As mentioned above, artists and producers are likely growing more intelligent, or aware, rather, of the industry and what type of songs, beats, rhythms, melodies, etc. it takes to make a song that people enjoy. If one were to assume that danceability was one of these song traits that producers want to improve in their music, then the following analysis is pertinent.

Above is a series of density plots that display the distribution of song danceability for each decade. While the steeper peaks evident in the 20s and 30s will not be investigated in this study, a trend of increased danceability since the 50s is apparent and will be analyzed. The density curve changes from roughly symmetrical in the 50s to more and more left skewness over the following decades.
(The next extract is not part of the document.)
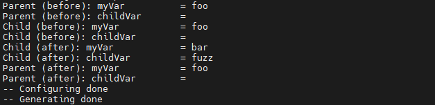위에서 설명한 변수 범위(scope)에 관한 동작은 add_subdirectory()로 추가된 디렉토리가 부모 scope의 변수에 영향을 주지 않고 원하는 모든 변수를 변경할 수 있다는 것을 보여줍니다. 즉, 잠재적으로 의도치 않은 변경으로 부모 scope에 영향을 끼칠 수 있는 모든 가능성을 차단해줍니다.

This trend could potentially be substantiated by creating a linear regression model like this one:

To confirm that this linear regression model is valid, the conditions must first be passed, for which a residual plot of the data, like the one below, is required.

All conditions are passed (the data appears to be relatively linear according to the scatter plot at the bottom left, there appears to be independence among the residuals, which is supported by the fact that the correlation between the danceability and the residuals in the above plot is -1.147791e-14 (essentially 0), the residuals appear to have constant variance throughout the plot, and appear to be relatively normally distributed). The data points on the scatterplot to the left indicate a strong, positive, linear correlation between year and danceability. The equation displayed represents that of the linear regression model, from which one can predict the danceability for a given year. The beta value (slope) of 0.001865 indicates that the average danceability increases by about 0.001865 each year.

For example, one may predict through extrapolation that the average danceability of songs in 2025 will be 0.001865(2025) — 3.163114 = 0.6135 estimated danceability.

3. Conclusion

Besides understanding the basics of the Spotify songs data, four important conclusions have been made in this study: songs in F# are likely more danceable than songs in C, decade and key appear to be associated, explicit songs are likely more danceable than clean songs, and one can predict average danceability from a given year. These inferences and trends can be generalized to all Spotify songs and are thus applicable for current artists and producers in the industry.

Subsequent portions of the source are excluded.